Empetrum is efficient at mobilizing nutrients and accumulating them at the surface. For example, the associated soils had the lowest overall levels of Ca, but the mean ratio of Ca in the topsoils to the subsoils (A/C) was highest, 2.7, with this vegetation type (Fig. 5). Despite the fact that Empetrum heath soils are excessively drained, they have the thickest histic epipedons and most organic C at the surface of the soils in Kärkevagge (Table 2). The organic matter produced by Empetrum may not be easily decomposed due to its high C/N ratio and the droughty conditions. Overall, Empetrum soils were infertile and lowest in micronutrients Cu, Zn, and Fe but highest in extractable Al. The low metal contents show the effect of the chelating agents produced by the Empetrum plants that complex metals and expedite their movement in the soil profile. The high Al content may be a significant challenge for most plants growing on these soils. An extractable Ca/Al ratio of <1 may be phytotoxic (McLean, 1982), and in the Empetrum subsoil the Ca/Al ratio is 0.3.
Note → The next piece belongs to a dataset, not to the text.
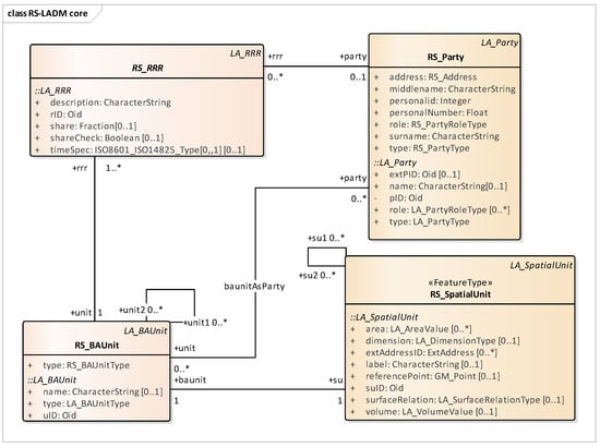 The rulebook defines the new records as an extension of real estate cadastre records. Therefore, it is necessary to define a data model for the determined changes on the buildings. A well-defined data model is the core of the cadastral information system. Thus, it must be in accordance with existing international standards as well as with national legislation. A conceptual data model for real estate cadastre in Serbia [43] was developed according to the Law on State Survey and Cadastre [44] and ISO 19152 Land Administration Domain Model [45]. A conceptual data model (UML Class diagram) for Serbian cadastre is based on four classes that represent main concepts of real estate cadastre as shown on Figure 7: parties (RS_Party), spatial units such as parcels, buildings and building parts (flats, business offices) (RS_SpatialUnit), rights and restrictions that parties can have over spatial units (RS_RRR) and basic administrative units that collect all the data regarding one spatial unit (RS_BAUnit).

Soils at the birch sites were chemically and pedologically similar to the Empetrum heath sites but did not have thick fibrous surface O horizons. Like Empetrum soils, birch soils classify as Haplocryods, which show influence of chelating agents on soil chemistry. The difference between the two is soil moisture storage. Birch vegetation in Kärkevagge is predominantly found on finer-textured tills than the heath at the same elevation, which is found on coarse-textured outwash. The finer texture imparts greater soil moisture storage. In addition, birch sites occur in less exposed locations and thus capture more snow. However, the boundary between the two vegetation types has shifted. This change is evidenced by decomposing birch roots found in the Empetrum soils, away from any live birch trees, likely due to deforestation associated with railroad construction (Rapp, 1996; Schlyter et al., 1993). This indicates that birch trees could grow on the very coarse-textured soils but have yet to reoccupy those soils. As with the Empetrum soils, birch soils have relatively low CEC, pH, BS, Ca, Mg, Cu, and Zn and show strong horizonation as evidenced by Fe and Al distributions (Figs. 2 and 3). Although the Empetrum and birch soils were the only Spodosols in Kärkevagge, there is evidence of weak podzolization occurring in some alpine, Dryas, and meadow soils, where Bw horizons have been recognized (Table 2).

DRYAS

Dryas octopetala is well known as a calciphilic species, and it stands out as the dominant species on high-pH, calcium-rich soils in Kärkevagge. For example, extractable Ca content in the Dryas surface soils averaged 25 times greater than that in the alpine surface soils (Table 3). However, in contrast to the Empetrum soils, the Dryas soils had less Ca increase in the surface horizon, giving these soils a low A/C horizon Ca ratio of 1.4 (Fig. 5). In addition, the Dryas soils had the highest Ca/Mg ratios of all the soils. Dryas sites were on the upper colluvial slopes, where they received drainage water from the calcareous rocks exposed above them in the cliffs. The high Ca content and productive vegetation allowed these Dryas soils to accumulate a relatively large pool of organic matter. This led to the development of a Mollisol in one Dryas location, assumed to be the most northerly documented in the world (Darmody et al., 2000a). Dryas soils also stood apart in that they had the lowest extractable Al, as expected given the high pH. Their extractable Ca/Al ratio was 54.4 in the surface and 11.6 in the subsoil, the highest of all the sites.

ALPINE

In contrast to the highly fertile Dryas soils, the alpine soils had the lowest levels of soil fertility. Their stratigraphic position places them above local calcareous rocks, and they are developed in residuum from schist, so the bedrock is not a particularly good source of nutrients. The cold, harsh conditions contribute to the poor productivity of these soils, which may be the oldest in Kärkevagge. They are protected from water erosion and deposition, as is commonly found at lower elevations, and are often armored by a pavement of coarse fragments, which, although indicative of frost heaving and past wind erosive forces, affords some protection from current erosion. In addition, there is evidence that regional glaciation involved cold-based ice in some ridge crest locations, which would preclude glacial erosion and deposition (Kleman and Hättestrand, 1999; Allen et al., 2001). Thus, the low fertility of these soils can largely be explained by their antiquity, which has caused considerable loss of plant nutrients over the millennia.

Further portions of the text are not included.